* [Recorded information]
------------------------------------------------

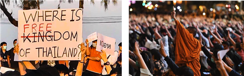 이 갈등을 넘어 등장한 정당이 아나콧마이당입니다. 노란색과 빨간색을 섞은 오렌지색을 내세운 이 정당은 개혁의 상징으로 떠올랐고 젊은 세대의 인기를 한 몸에 받습니다. 그렇지만 이 정당은 탁신 계열에도 군부에도 눈엣가시였습니다. 결국 2019년 총선 이후 정치보복이 이어졌고 2020년 헌법재판소 결정으로 해산됩니다. 분노한 청년들은 거리로 쏟아져 대규모 시위를 벌였습니다. 이 시위에서 그동안 금기시되던 ‘왕실 개혁’에 대한 이야기가 터져 나왔고 사람들은 ‘왕실 모독죄’ 폐지와 민주주의를 외쳤습니다.
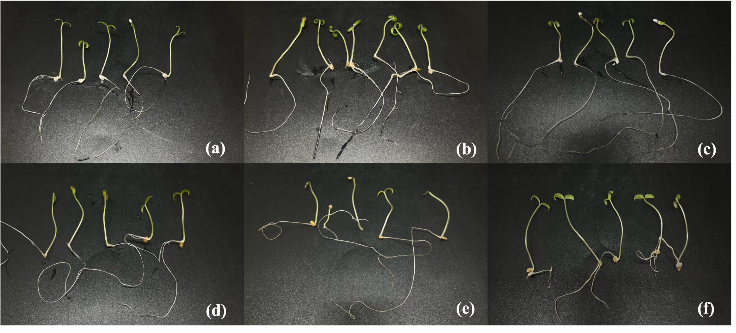 Seed germination was recorded on days 5 and 14 after treatment. At day 14, tomato seedlings were carefully removed, and both stem height and root length were measured. Stem height was determined by measuring from the root–shoot junction to the shoot tip, and root length was measured from the root base to the tip of the longest root. Measurements were taken from all seedlings in each treatment group.
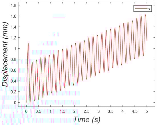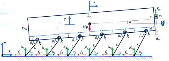 This case considered a rigid body with an eccentric mass attached to its center of mass, including vertical and horizontal displacements on a surface with Coulomb friction force (Figure 3) [].
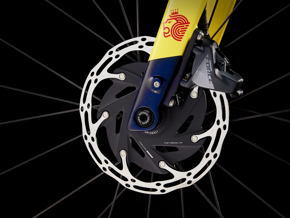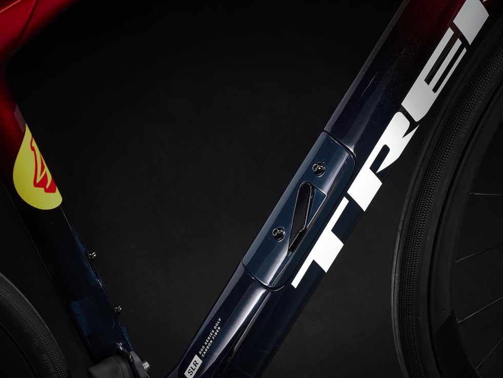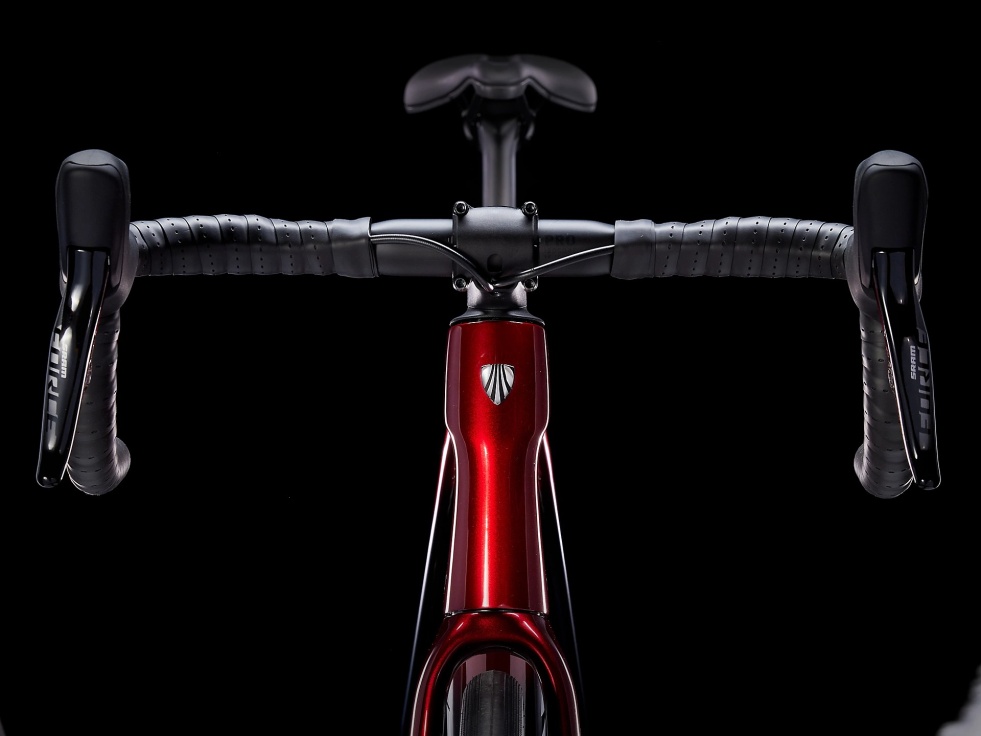 Mimořádně lehký propracovaný rám z karbonu OCLV řady 800, vidlice se zadním prvkem IsoSpeed, integrovaný vnitřní úložný prostor a úchyty na horní rámové trubce. Kolo je osazeno bezdrátovým elektronickým řazením 2x12 SRAM Force eTap AXS, měřičem výkonu, účinnými kotoučovými brzdami s úchytem Flat Mount, karbonovými koly Aeolus Pro 37 a řídítky Bontrager Pro IsoCore tlumícími vibrace o 20 % víc než standardní karbonová řídítka.

------------------------------------------------

* [Task instructions] Nothing but the lines from the one with "This case considered" through the last line of the material above should appear in the answer, each copied exactly, with no pictures.

* [Task response]
 This case considered a rigid body with an eccentric mass attached to its center of mass, including vertical and horizontal displacements on a surface with Coulomb friction force (Figure 3) [].
 Mimořádně lehký propracovaný rám z karbonu OCLV řady 800, vidlice se zadním prvkem IsoSpeed, integrovaný vnitřní úložný prostor a úchyty na horní rámové trubce. Kolo je osazeno bezdrátovým elektronickým řazením 2x12 SRAM Force eTap AXS, měřičem výkonu, účinnými kotoučovými brzdami s úchytem Flat Mount, karbonovými koly Aeolus Pro 37 a řídítky Bontrager Pro IsoCore tlumícími vibrace o 20 % víc než standardní karbonová řídítka.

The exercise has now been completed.